Know all by these present that the undersigned hereby constitutes and appoints Robert Macklin, Kevin Warns, Susan Lichtenstein, Timothy Guion and Marcia Riehle, or any of their written designees among employees of Hill-Rom Holdings, Inc. and its subsidiaries (the “Company”), signing singly, the undersigned’s true and lawful attorney-in-fact to:


 
(1)
execute for and on behalf of the undersigned, in the undersigned’s capacity as an officer and/or director of the Company, Forms 3, 4 and 5 in accordance with Section 16(a) of the Securities Exchange Act of 1934 and the rules thereunder;


 
(2)
do and perform any and all acts for and on behalf of the undersigned which may be necessary or desirable to complete and execute any such Form 3, 4 or 5, complete and execute any amendment or amendments thereto, and timely file such form with the United States Securities and Exchange Commission and any stock exchange or similar authority; and


 
(3)
take any other action of any type whatsoever in connection with the foregoing which, in the opinion of such attorney-in-fact, may be of benefit to, in the best interest of, or legally required by, the undersigned, it being understood that the documents executed by such attorney-in-fact on behalf of the undersigned pursuant to this Power of Attorney shall be in such form and shall contain such terms and conditions as such attorney-in-fact may approve in such attorney-in-fact’s discretion.

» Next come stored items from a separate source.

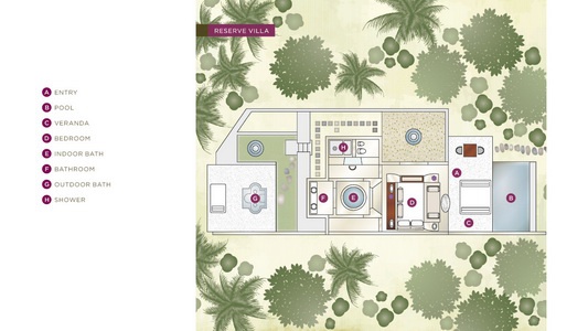 Reserve Pool Villa: 106 кв.м. Расположена среди тропического сада, включает спальню с кроватью king-size и гостиной зоной, гардеробные, открытую и крытые ванные комнаты, меблированную террасу, собственный бассейн, частный сад. Размещение – 2 человека.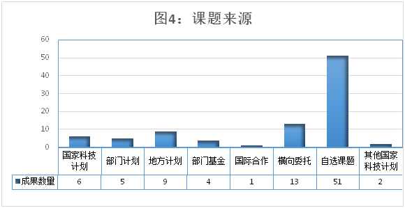2019年中鋼集團登記入庫的科技成果,課題主要來自國家科技計劃、部門計劃、地方計劃、部門基金、國際合作、橫向委托、自選課題、其他國家科技計劃8類。其中自選課題占總登記成果的56%,承擔(dān)國家、地方計劃的成果占18.7%。具體課題來源情況詳見圖4)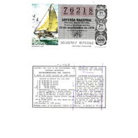 - Décimo "Especial do Turista" da Lotaría Nacional de 1978 co motivo "Os Recursos naturais": imaxe que representa un barco navegando a vela. O número do décimo é o 76218 / ANVERSO. Impresión / 76218 / Lotería Nacional. Décima parte del billete para el sorteo del día 16 de septiembre de 1978 / El jefe del servicio (sinatura) / 3680707 - 076218 / 36/78 / 7ª fracción / 7ª serie / Precio 500 pesetas / Navegación a vela (imaxe) / Séptima fracción / Fca. Nal. de Moneda y Timbre / REVERSO. Impresión / Sorteo del día 16 de septiembre 1978. Sistema moderno. Extraordinario del turista. 8 series de 80.000 billetes de 5.000 pesetas. (Resumo de premios) / Extracto de la instrucción de Loterías (imaxe) / Próximo sorteo: 23 de septiembre. Billetes de 1.000 ptas., en décimos de 100 ptas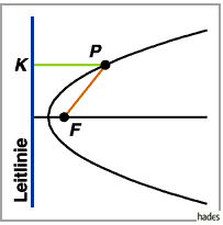 der Leitlinie, ist eine Kurve 2. Ordnung mit der numerischen Exzentrizität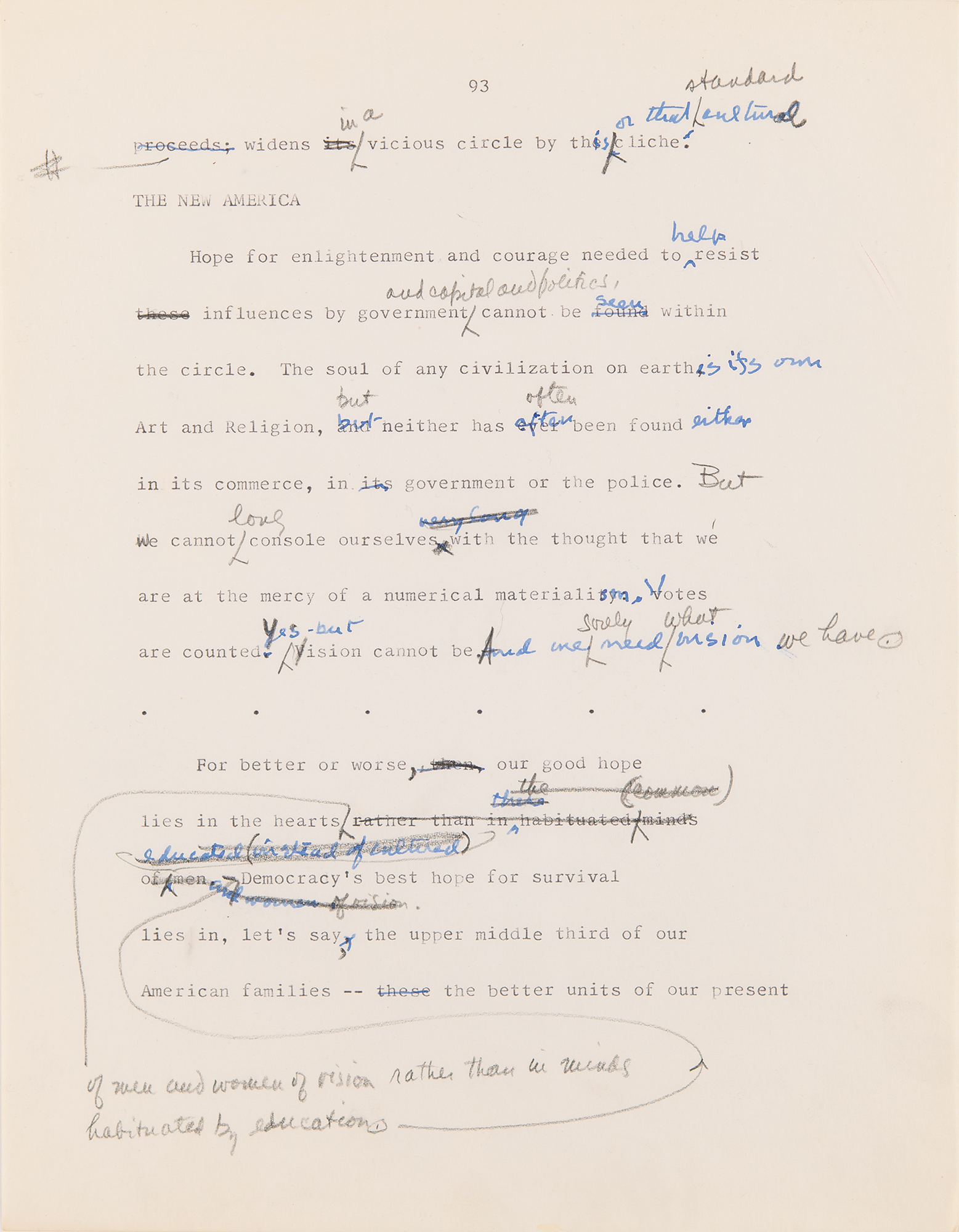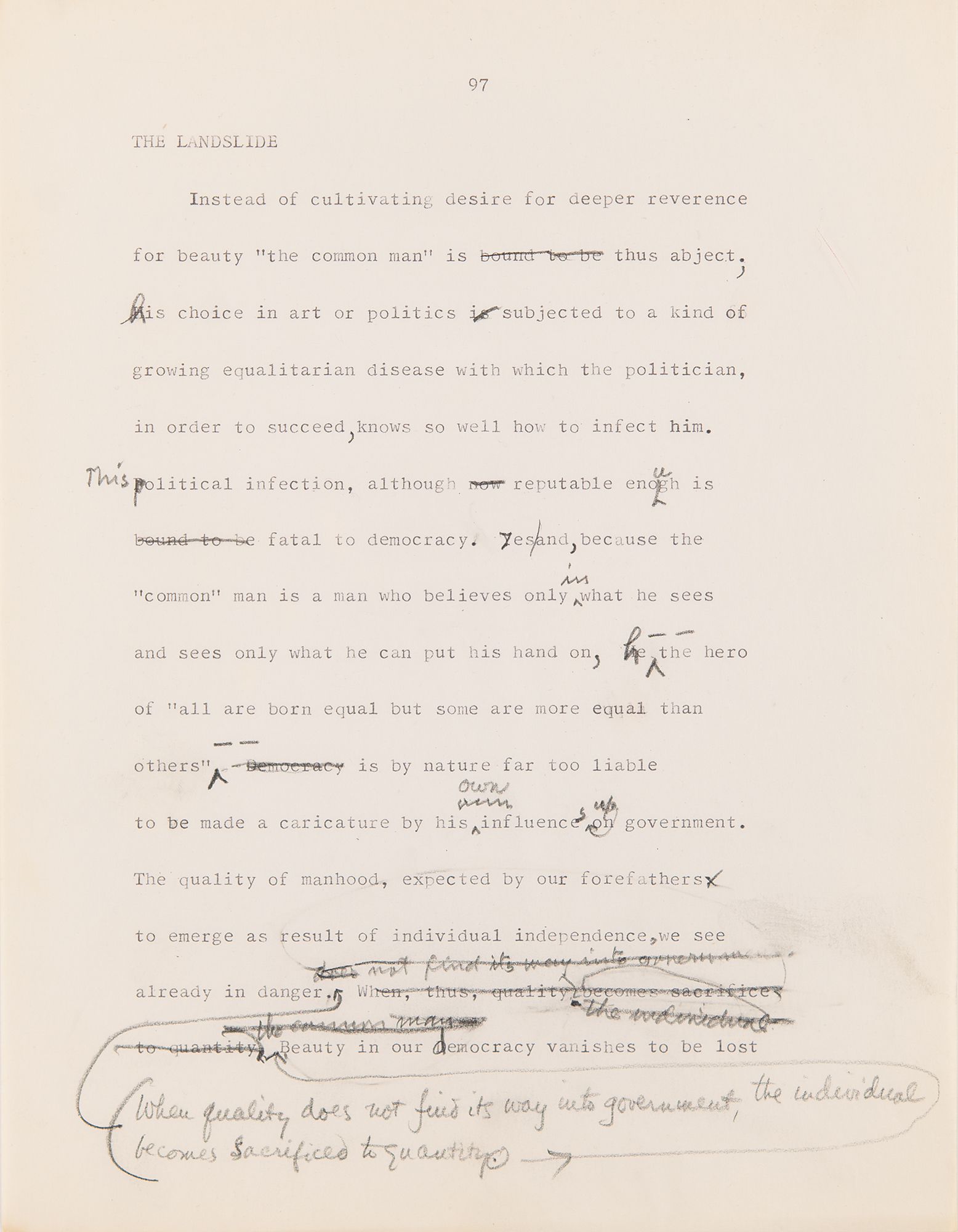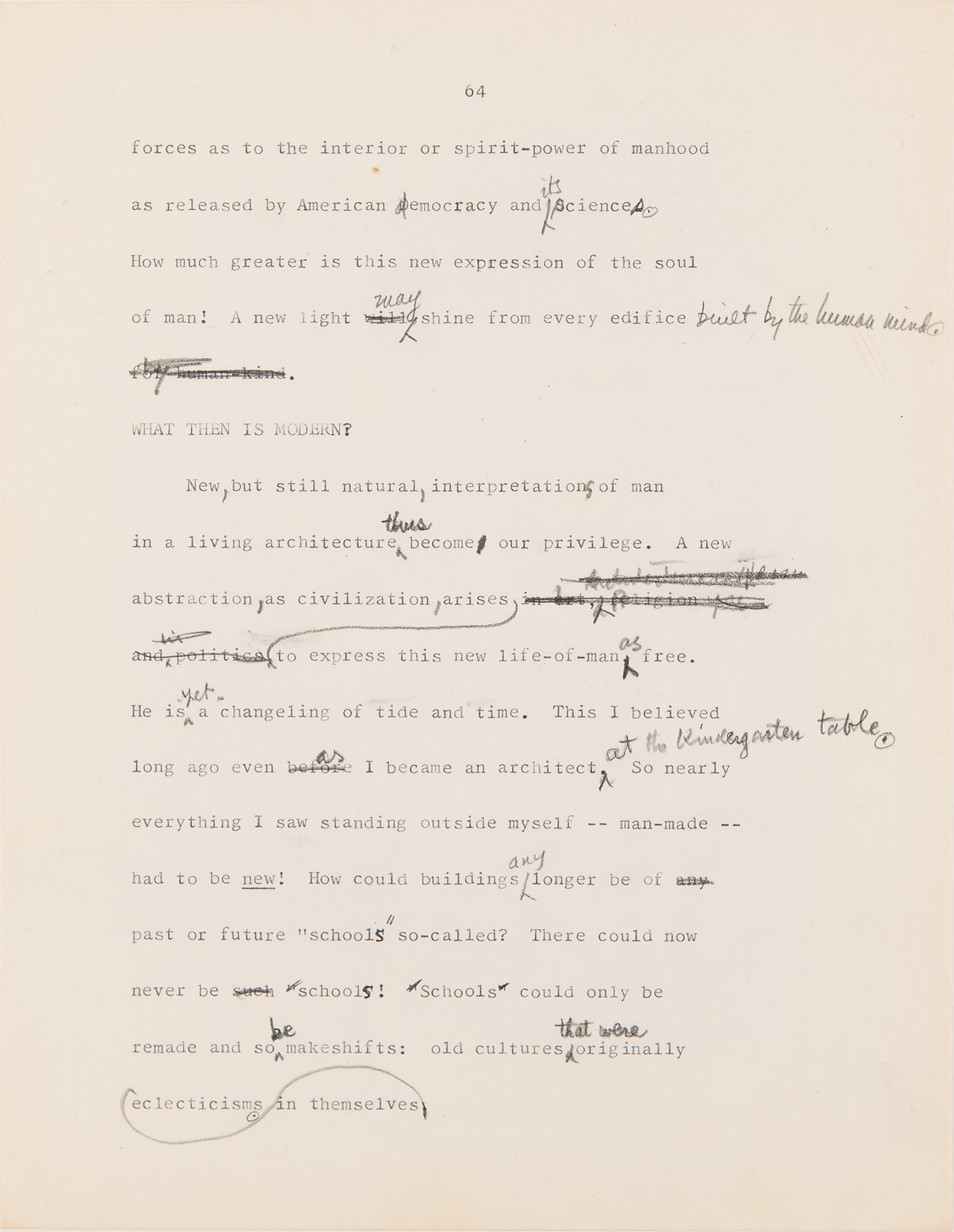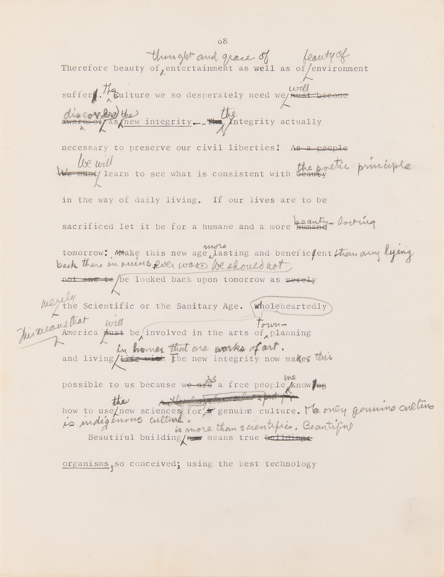 Wright discusses the development of American architecture at length, levying criticisms at the American Institute of Architects, writing at the bottom of one page: "If the A.I.A. had not been more interested in architects than in architecture, the story by now might have been different. How could the architect's vision in such circumstances become effective action?" In a section headed "The Common Man and His Education," Wright pens a complete passage: "Form—birth—is needed. But it is not to be formed in sporadic endeavour to remodel our philosophy by hearsay, or by imported aesthetics. We will not be able to maintain the religion of democracy by profit-system equipment, nor help it grow by the conditioning our youngsters receive by current education. Managed publicity of any kind designed to please the public taste cannot be good enough." Commenting on the politics in America, he writes: "When quality does not find its way into government, the individual becomes sacrificed to quantity." In addition to writing out these longer revisions, Wright makes frequent edits and deletions to single words or sentences as he formulates his final draft for publication. In fine condition. Accompanied by a handsome custom-made full morocco slipcase with chemise.

The undersigned hereby grants to each such attorney-in-fact full power and authority to do and perform any and every act and thing whatsoever requisite, necessary, or proper to be done in the exercise of any of the rights and powers herein granted, as fully to all intents and purposes as the undersigned might or could do if personally present, with full power of substitution or revocation, hereby ratifying and confirming all that such attorney-in-fact, or such attorney-in-fact’s substitute or substitutes, shall lawfully do or cause to be done by virtue of this power of attorney and the rights and powers herein granted.  The undersigned acknowledges that the foregoing attorneys-in-fact, in serving in such capacity at the request of the undersigned, are not assuming, nor is the Company assuming, any of the undersigned’s responsibilities to comply with Section 16 of the Securities Exchange Act of 1934.


This Power of Attorney shall remain in full force and effect until the undersigned is no longer required to file Forms 3, 4 and 5 with respect to the undersigned’s holdings of and transactions in securities issued by the Company, unless earlier revoked by the undersigned in a signed writing delivered to the foregoing attorneys-in-fact.


IN WITNESS WHEREOF, the undersigned has caused this Power of Attorney to be executed as of this 6th day of March, 2012.